* _Brief_
From the first line to the last, copy the listing exactly and omit the images.

********

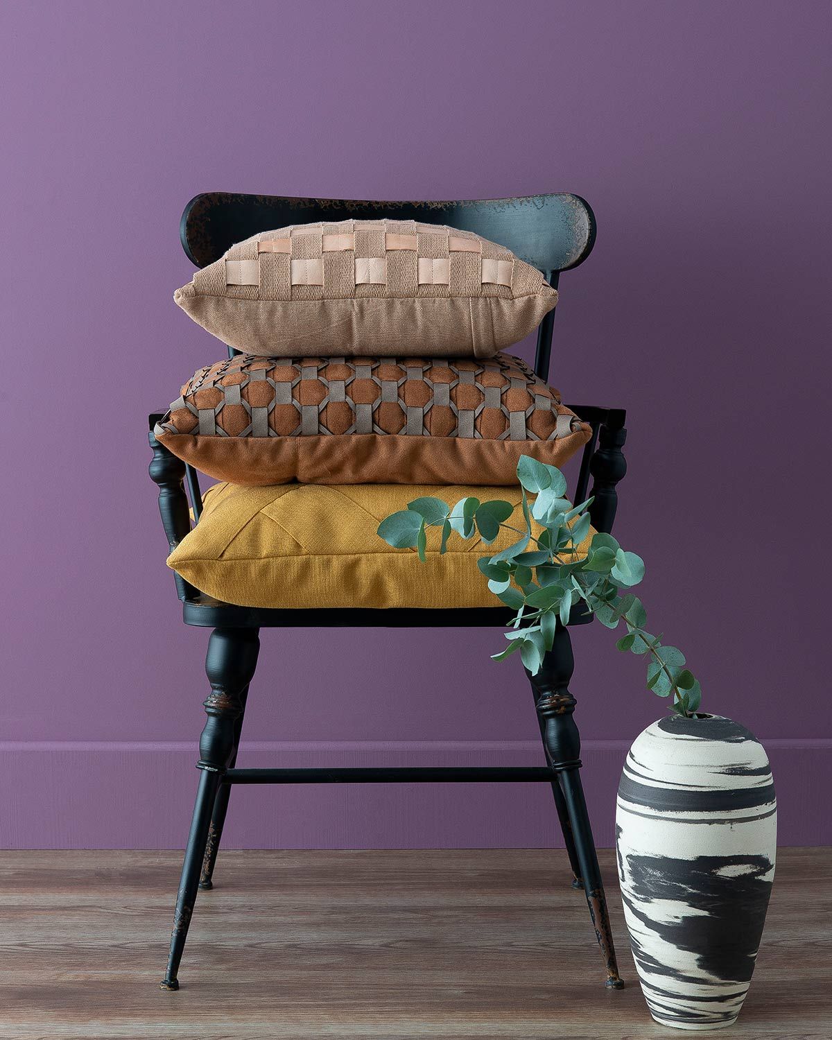 Cadeira KZ Home; vaso Dentro Design; almofada bege Santa Luzia; almofada marrom Unica; almofada amarela Ângela Missoni.
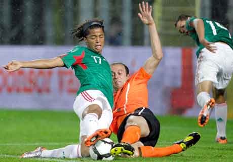 En un partido bajo intensa lluvia, el Tri tuvo un desastroso primer tiempo ante Holanda, y aunque se repuso en el complemento, cayó 2-1. A Javier Aguirre no le funcionaron los considerados suplentes, quienes recibieron un baile y se salvaron de una goliza. Al relevo entraron Pablo Barrera, Giovanni dos Santos, Efraín Juárez y Carlos Vela para corregir el rumbo. El equipo europeo jugó sin cinco titulares Foto Ap
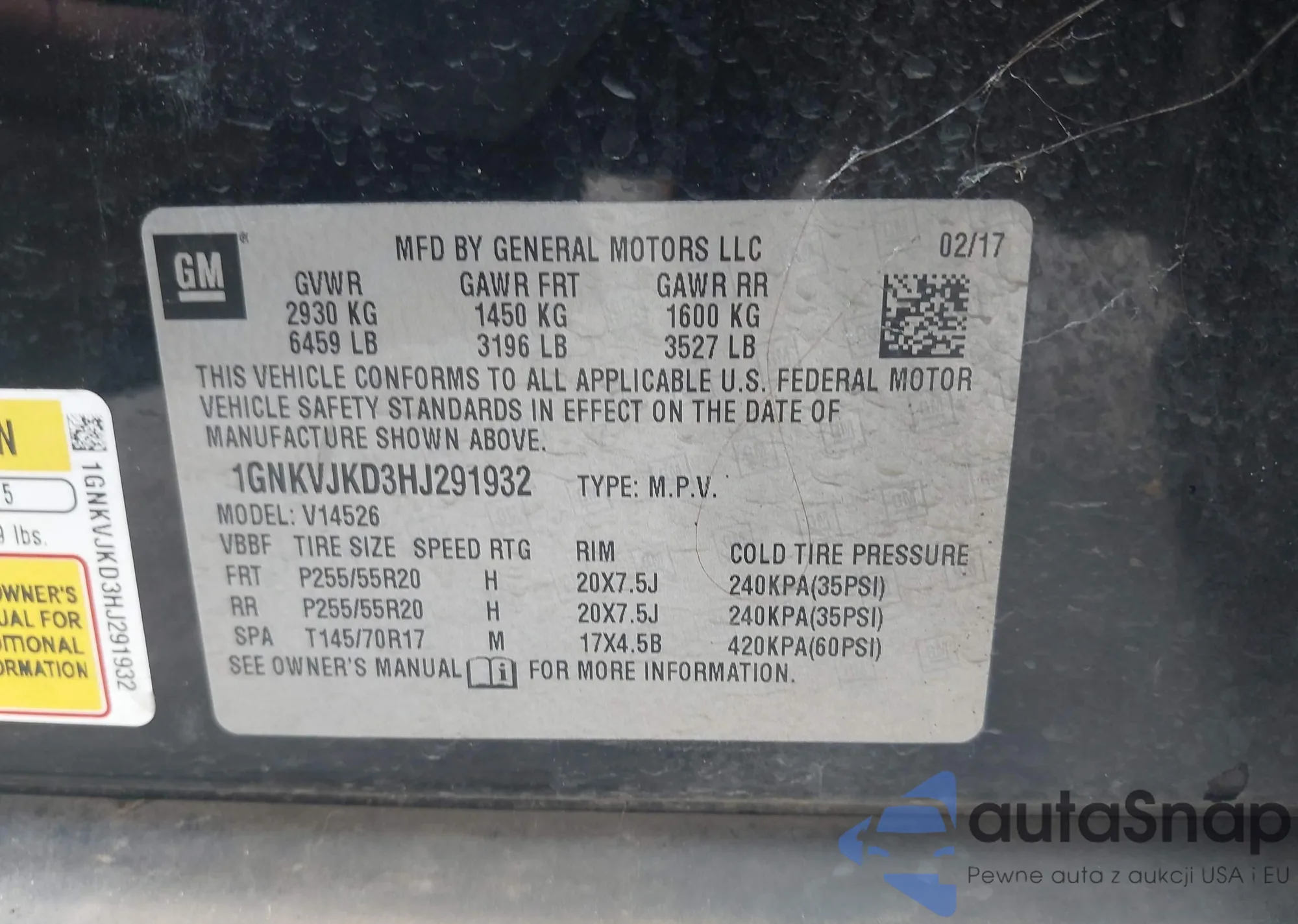 VIN: 1GNKVJKD3HJ291932
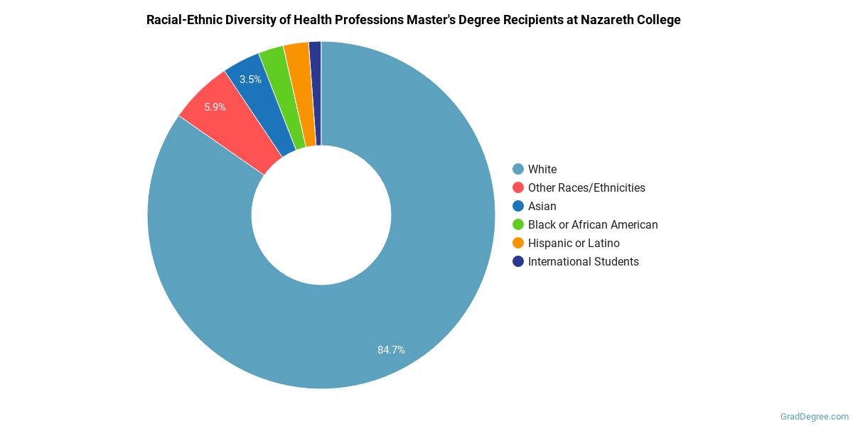 Of the students who received a health professions master's degree from Nazareth, 85% were white. This is above average for this degree on the natiowide level.
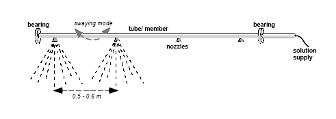 3.3 EXPOSURE TO SALT SOLUTION 曝露到盐溶液中 3.3.1 For a fully automated procedure , the chamber shall be equipped with a spray device capable of producing a finely distributed, uniform spray falling on the test objects. The most reliable way of receiving a fairly uniform downfall is by installing a moving spray device, like the swaying rail with overlapping nozzles, depicted in Fig. 3. The spraying device shall be made of corrosion resistance materials. Plastic is recommended. 3.3.1 对于全自动的试验,试验箱内应配备喷洒装置,能使溶液得到妥善分配,均匀喷洒到试样上。能有效使溶液均匀喷洒的方法是安装一套可移动的喷洒装置,如带交叉喷头的摇摆轨道,如图3所示。喷洒装置应由耐腐蚀材料制成,建议是塑料。  Fig. 3 Example of spray rig for obtaining uniform salt solution downfall. 图3 使盐溶液均匀喷洒的喷洒装置示例 A target average precipitation rate distributed over the workday 6 h wet period of this test procedure period is 5 L/m2, and shall not exceed 10 L/m2. For any local position the total precipitation over the 6 h period must not be lower than 3 L/m2 and not exceed 15 L/m2. Suggested nozzles type: Spraying Systems Uni Jet 800050VP. Mount the nozzles on a supporting tube 50-60 cm apart and about 1 m above the test objects. The nozzles shall be adjusted so that the fan plumes are in line with the tube/ supporting rail. An individual filter at each nozzle is strongly recommended to avoid any contaminations in the tiny slots. These low-cost plastic nozzles have a reliable function, but must be inspected in microscope at delivery in order to discard such with defect slot cuts. Stainless nozzles, even in 316 alloy, will be impaired by corrosion under the actual test conditions. Atomizing salt-spray nozzles should not be used, since they generate a too low precipitation rate to give sufficient leaching effect on the test objects. Achieving a uniform downfall with these types of nozzles can be difficult. 在本试验的工作日的6小时加湿阶段,平均喷洒密度的目标值为5 L/m2,且不能超过10 L/m2。在6小时周期内,箱内任何位置的喷洒密度都必须不低于3 L/m2,不高于15 L/m2。建议喷头类型:Uni Jet 800050VP喷洒装置。将喷头装在支承管上,相隔56-60cm,处于试样上方1米左右。调整喷头,使扇叶与支承管/支承轨成一直线。强烈建议在给每个喷头装上过滤器,以避免小槽中的污染物。虽然这些喷头价格低廉、功能可靠,但是发货时还须经过显微镜检验,以淘汰那些小槽切割不良的喷头。不锈钢喷头,就算是用316合金制成的,在也会在实际试验条件下受到腐蚀而损坏。雾化盐雾喷头喷洒密度过低,无法为试样起到有效的过滤作用,故不宜使用。这几类喷头喷洒都不均匀。 3.3.2 An automated spray-rig is allowed to be separated from the humidity chamber, i.e. the test objects are moved between two units on a work-day basis. 3.3.2 自动喷洒装置可从加湿箱中拆出来。也就是说,试样在一个工作日内在两套设备之间移动。 3.3.3 If there is no possibility to use an automated device for spraying, a manual spraying of the test object is allowed, either in or outside the test cabinet, provided: 1. The minimum precipitation rate of 5 L/m2 per 6 h wet session is fulfilled, 2. The spraying events are distributed over the 6 h period, so that the test object are kept constantly wet, and 3. The temperature requirement is fulfilled. 3.3.3 如果不能采用自动喷洒装置,可采用手动喷洒,在箱内箱外皆可,条件是:1. 在6小时加湿阶段完成前,喷洒密度至少为5 L/m2。2. 喷洒将分布在6小时周期内,以使试样保持湿润;并且;3. 保持要求的温度。 NOTE: Salt solution sprayed onto test objects must not be reused. 注意:喷洒到试样上的盐溶液不得重复使用。 4.0 Sample preparation 试样准备 Sample preparation before exposure, the sample orientation during exposure and the evaluation after exposure are usually stipulated in the engineering test standards addressing this test procedure. 曝露前试样准备,曝露期间的朝向和曝露后的评估方法一般会在本试验程序相关的工程试验标准中关于有所规定。 4.1 Painted and scribed panels: The test is optimized for exposing scribes in horizontal position on panels oriented to the angle stipulated in Paragraph 5.1.1. Scribe orientation has a similar effect on salt collection as the panel orientation. The scribe, or other type of damage, shall be positioned, so that a collecting area for precipitation is left above the exposed area of interest. 4.1 喷漆板和划线板:本试验已针对水平划线的板材按第5.1.1段所规定的角度朝向曝露进行了优化。划线的朝向的作用类似于板材朝向的盐聚集。划线或其他损伤都应定好位置,以便喷洒液收集区域位于目标曝露区域之上。 4.2 Component parts are to be in vehicle orientation position if at all possible. The salt solution spray should reach the areas of interest. 4.2 如果可能,零部件应尽量按照汽车朝向放置,并使盐溶液能淋到达目标区域。 4.3 Interested parties should agree on the location within the components where the corrosion is to be observed. 4.3 相关各方需商定零部件上将出现腐蚀的位置。 4.4 Interested parties should agree to any pre-conditioning, masking of edges, pre-testing, cleaning, or any other sample preparations. 4.4 相关各方需商定预处理、要遮盖的边缘、预测试、清洁或其他试样准备工作。 4.5 Interested parties should agree to any photographic details throughout the test and the areas to be examined and any assessments that are required. 4.5 相关各方需商定试验过程的具体细节、检测的区域以及要求的评估。 5.0 OPERATION 操作 5.1 BEFORE TEST START 试验开始之前 Prepare t
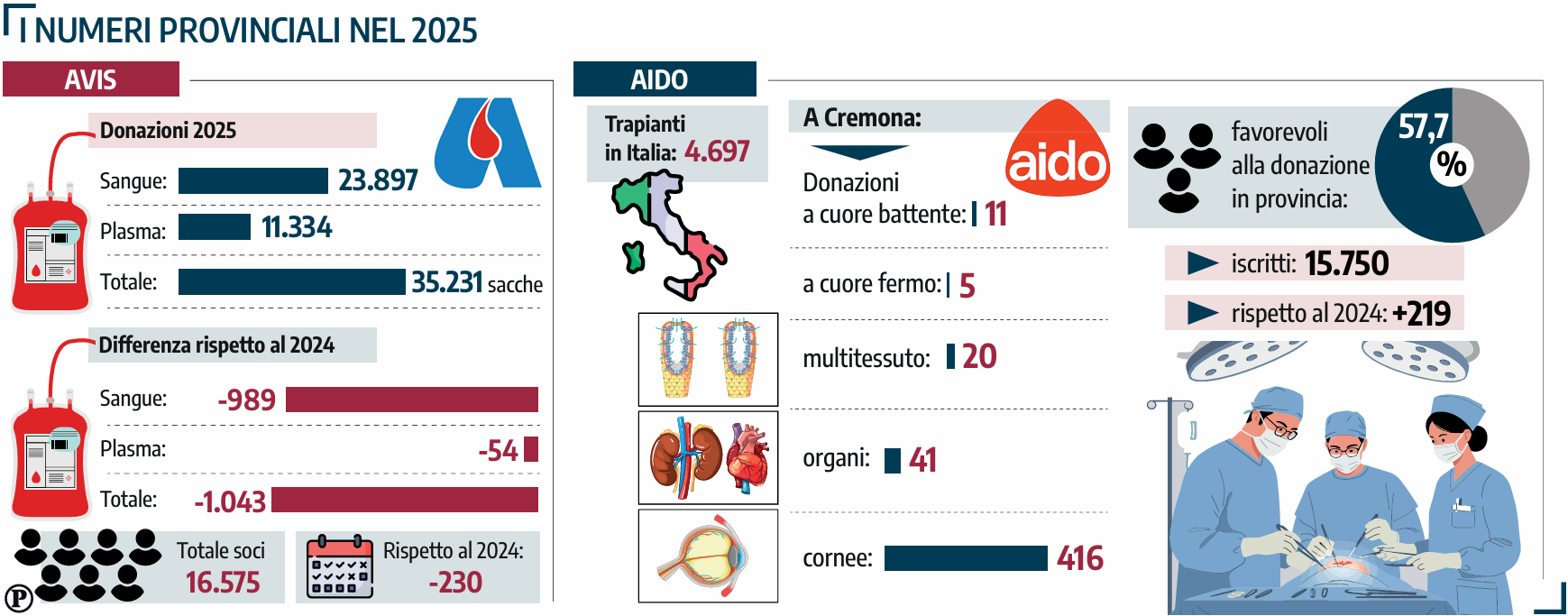 A fare il punto della situazione è stato il presidente dell’Avis cremonese, Cristiano Manfredini: dopo aver illustrato le numerose attività svolte dall’associazione nel corso del 2025 — 40 ore di comitati esecutivi, 214 ore di consiglio direttivo, 630 ore di incontri e riunioni — il presidente si è soffermato sul nodo delle donazioni, tracciando il quadro generale in provincia e nella Penisola.
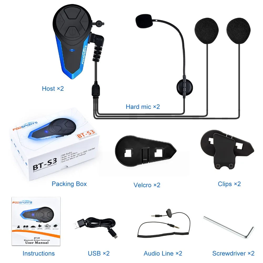 Fodsports 2 шт. BT-S3 мотоциклетный шлем Интерком Мото шлем Bluetooth гарнитура Intercomunicador Водонепроницаемый BT интерфон FM
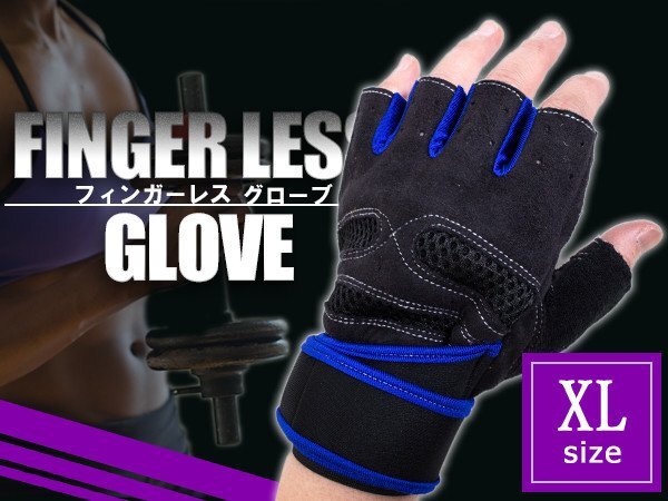 フィンガーレスグローブ ウエイトトレーニング 指なし トレーニンググローブ XLサイズ ブルー 青 ジム ウェイトトレーニング 指だし 手袋
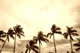 Beautiful tropical sunset. Silhouettes of palm trees background

********

* _Reply_
 Cadeira KZ Home; vaso Dentro Design; almofada bege Santa Luzia; almofada marrom Unica; almofada amarela Ângela Missoni.
 En un partido bajo intensa lluvia, el Tri tuvo un desastroso primer tiempo ante Holanda, y aunque se repuso en el complemento, cayó 2-1. A Javier Aguirre no le funcionaron los considerados suplentes, quienes recibieron un baile y se salvaron de una goliza. Al relevo entraron Pablo Barrera, Giovanni dos Santos, Efraín Juárez y Carlos Vela para corregir el rumbo. El equipo europeo jugó sin cinco titulares Foto Ap
 VIN: 1GNKVJKD3HJ291932
 Of the students who received a health professions master's degree from Nazareth, 85% were white. This is above average for this degree on the natiowide level.
 3.3 EXPOSURE TO SALT SOLUTION 曝露到盐溶液中 3.3.1 For a fully automated procedure , the chamber shall be equipped with a spray device capable of producing a finely distributed, uniform spray falling on the test objects. The most reliable way of receiving a fairly uniform downfall is by installing a moving spray device, like the swaying rail with overlapping nozzles, depicted in Fig. 3. The spraying device shall be made of corrosion resistance materials. Plastic is recommended. 3.3.1 对于全自动的试验,试验箱内应配备喷洒装置,能使溶液得到妥善分配,均匀喷洒到试样上。能有效使溶液均匀喷洒的方法是安装一套可移动的喷洒装置,如带交叉喷头的摇摆轨道,如图3所示。喷洒装置应由耐腐蚀材料制成,建议是塑料。  Fig. 3 Example of spray rig for obtaining uniform salt solution downfall. 图3 使盐溶液均匀喷洒的喷洒装置示例 A target average precipitation rate distributed over the workday 6 h wet period of this test procedure period is 5 L/m2, and shall not exceed 10 L/m2. For any local position the total precipitation over the 6 h period must not be lower than 3 L/m2 and not exceed 15 L/m2. Suggested nozzles type: Spraying Systems Uni Jet 800050VP. Mount the nozzles on a supporting tube 50-60 cm apart and about 1 m above the test objects. The nozzles shall be adjusted so that the fan plumes are in line with the tube/ supporting rail. An individual filter at each nozzle is strongly recommended to avoid any contaminations in the tiny slots. These low-cost plastic nozzles have a reliable function, but must be inspected in microscope at delivery in order to discard such with defect slot cuts. Stainless nozzles, even in 316 alloy, will be impaired by corrosion under the actual test conditions. Atomizing salt-spray nozzles should not be used, since they generate a too low precipitation rate to give sufficient leaching effect on the test objects. Achieving a uniform downfall with these types of nozzles can be difficult. 在本试验的工作日的6小时加湿阶段,平均喷洒密度的目标值为5 L/m2,且不能超过10 L/m2。在6小时周期内,箱内任何位置的喷洒密度都必须不低于3 L/m2,不高于15 L/m2。建议喷头类型:Uni Jet 800050VP喷洒装置。将喷头装在支承管上,相隔56-60cm,处于试样上方1米左右。调整喷头,使扇叶与支承管/支承轨成一直线。强烈建议在给每个喷头装上过滤器,以避免小槽中的污染物。虽然这些喷头价格低廉、功能可靠,但是发货时还须经过显微镜检验,以淘汰那些小槽切割不良的喷头。不锈钢喷头,就算是用316合金制成的,在也会在实际试验条件下受到腐蚀而损坏。雾化盐雾喷头喷洒密度过低,无法为试样起到有效的过滤作用,故不宜使用。这几类喷头喷洒都不均匀。 3.3.2 An automated spray-rig is allowed to be separated from the humidity chamber, i.e. the test objects are moved between two units on a work-day basis. 3.3.2 自动喷洒装置可从加湿箱中拆出来。也就是说,试样在一个工作日内在两套设备之间移动。 3.3.3 If there is no possibility to use an automated device for spraying, a manual spraying of the test object is allowed, either in or outside the test cabinet, provided: 1. The minimum precipitation rate of 5 L/m2 per 6 h wet session is fulfilled, 2. The spraying events are distributed over the 6 h period, so that the test object are kept constantly wet, and 3. The temperature requirement is fulfilled. 3.3.3 如果不能采用自动喷洒装置,可采用手动喷洒,在箱内箱外皆可,条件是:1. 在6小时加湿阶段完成前,喷洒密度至少为5 L/m2。2. 喷洒将分布在6小时周期内,以使试样保持湿润;并且;3. 保持要求的温度。 NOTE: Salt solution sprayed onto test objects must not be reused. 注意:喷洒到试样上的盐溶液不得重复使用。 4.0 Sample preparation 试样准备 Sample preparation before exposure, the sample orientation during exposure and the evaluation after exposure are usually stipulated in the engineering test standards addressing this test procedure. 曝露前试样准备,曝露期间的朝向和曝露后的评估方法一般会在本试验程序相关的工程试验标准中关于有所规定。 4.1 Painted and scribed panels: The test is optimized for exposing scribes in horizontal position on panels oriented to the angle stipulated in Paragraph 5.1.1. Scribe orientation has a similar effect on salt collection as the panel orientation. The scribe, or other type of damage, shall be positioned, so that a collecting area for precipitation is left above the exposed area of interest. 4.1 喷漆板和划线板:本试验已针对水平划线的板材按第5.1.1段所规定的角度朝向曝露进行了优化。划线的朝向的作用类似于板材朝向的盐聚集。划线或其他损伤都应定好位置,以便喷洒液收集区域位于目标曝露区域之上。 4.2 Component parts are to be in vehicle orientation position if at all possible. The salt solution spray should reach the areas of interest. 4.2 如果可能,零部件应尽量按照汽车朝向放置,并使盐溶液能淋到达目标区域。 4.3 Interested parties should agree on the location within the components where the corrosion is to be observed. 4.3 相关各方需商定零部件上将出现腐蚀的位置。 4.4 Interested parties should agree to any pre-conditioning, masking of edges, pre-testing, cleaning, or any other sample preparations. 4.4 相关各方需商定预处理、要遮盖的边缘、预测试、清洁或其他试样准备工作。 4.5 Interested parties should agree to any photographic details throughout the test and the areas to be examined and any assessments that are required. 4.5 相关各方需商定试验过程的具体细节、检测的区域以及要求的评估。 5.0 OPERATION 操作 5.1 BEFORE TEST START 试验开始之前 Prepare t
 A fare il punto della situazione è stato il presidente dell’Avis cremonese, Cristiano Manfredini: dopo aver illustrato le numerose attività svolte dall’associazione nel corso del 2025 — 40 ore di comitati esecutivi, 214 ore di consiglio direttivo, 630 ore di incontri e riunioni — il presidente si è soffermato sul nodo delle donazioni, tracciando il quadro generale in provincia e nella Penisola.
 Fodsports 2 шт. BT-S3 мотоциклетный шлем Интерком Мото шлем Bluetooth гарнитура Intercomunicador Водонепроницаемый BT интерфон FM
 フィンガーレスグローブ ウエイトトレーニング 指なし トレーニンググローブ XLサイズ ブルー 青 ジム ウェイトトレーニング 指だし 手袋
 Beautiful tropical sunset. Silhouettes of palm trees background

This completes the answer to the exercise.